◆ **Collected data**:

■ ■ ■ ■ ■

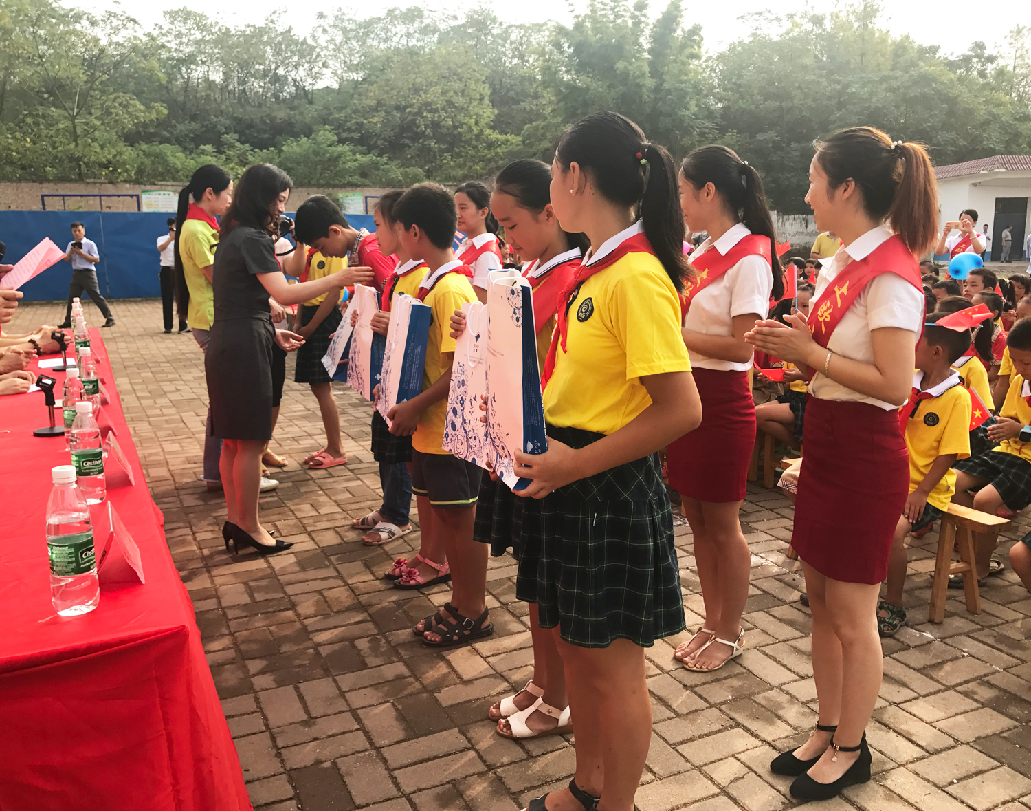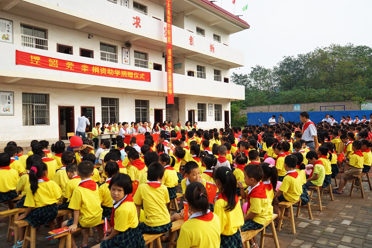江西九丰能源有限公司通过博研基金为上欧小学捐款20万元整,用于学校基础设施建设和改善,并现场为孩子们送上了学习用品。
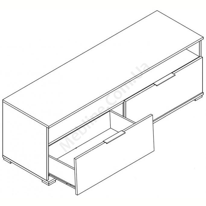 Тумба під телевізор з висувними шухлядами та відкритими нішами.
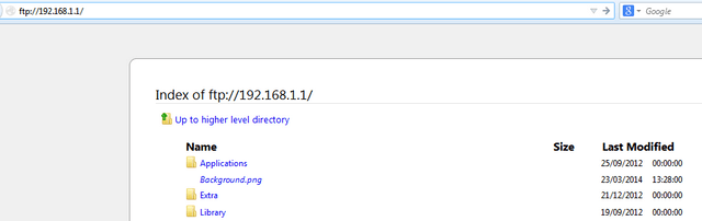 The second method is: FTP File Server. FTP stands for File Transfer Protocol, and is a simple method for accessing files on the USB Storage Device:
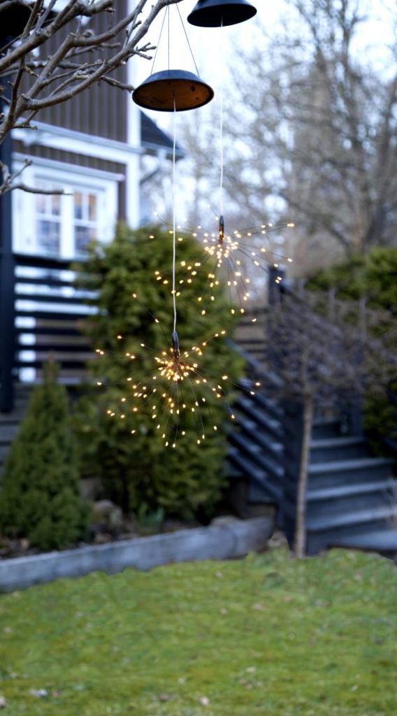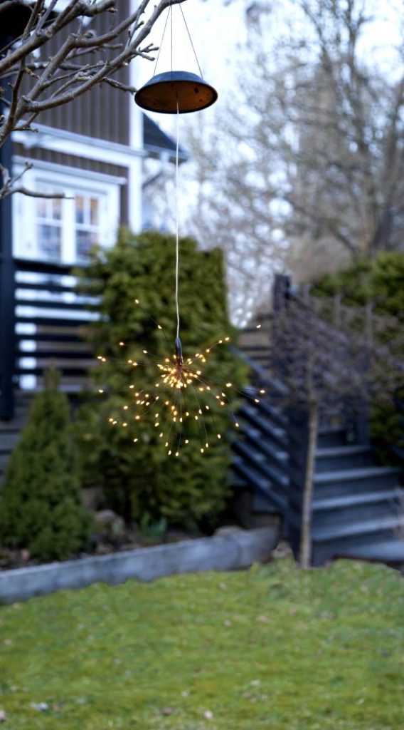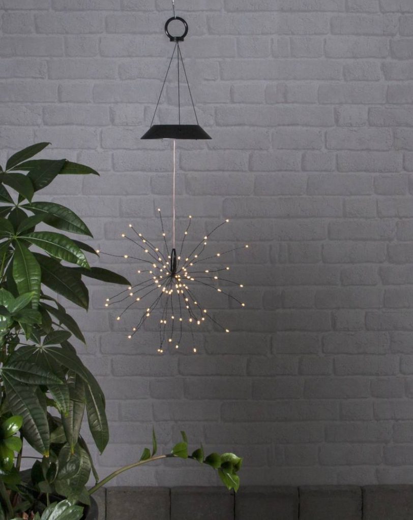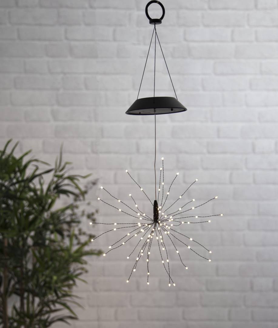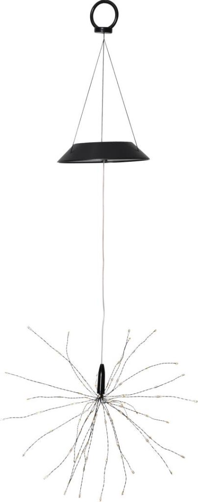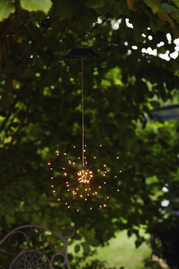Aurinkokennolla toimiva ripustettava Firework-koristevalaisin, jossa on 90 lämpimän valkoista LED-valopistettä.

■ ■ ■ ■ ■

Return the listing above in an exact copy that leaves out the images.

◆ **The completed task**:
江西九丰能源有限公司通过博研基金为上欧小学捐款20万元整,用于学校基础设施建设和改善,并现场为孩子们送上了学习用品。
 Тумба під телевізор з висувними шухлядами та відкритими нішами.
 The second method is: FTP File Server. FTP stands for File Transfer Protocol, and is a simple method for accessing files on the USB Storage Device:
Aurinkokennolla toimiva ripustettava Firework-koristevalaisin, jossa on 90 lämpimän valkoista LED-valopistettä.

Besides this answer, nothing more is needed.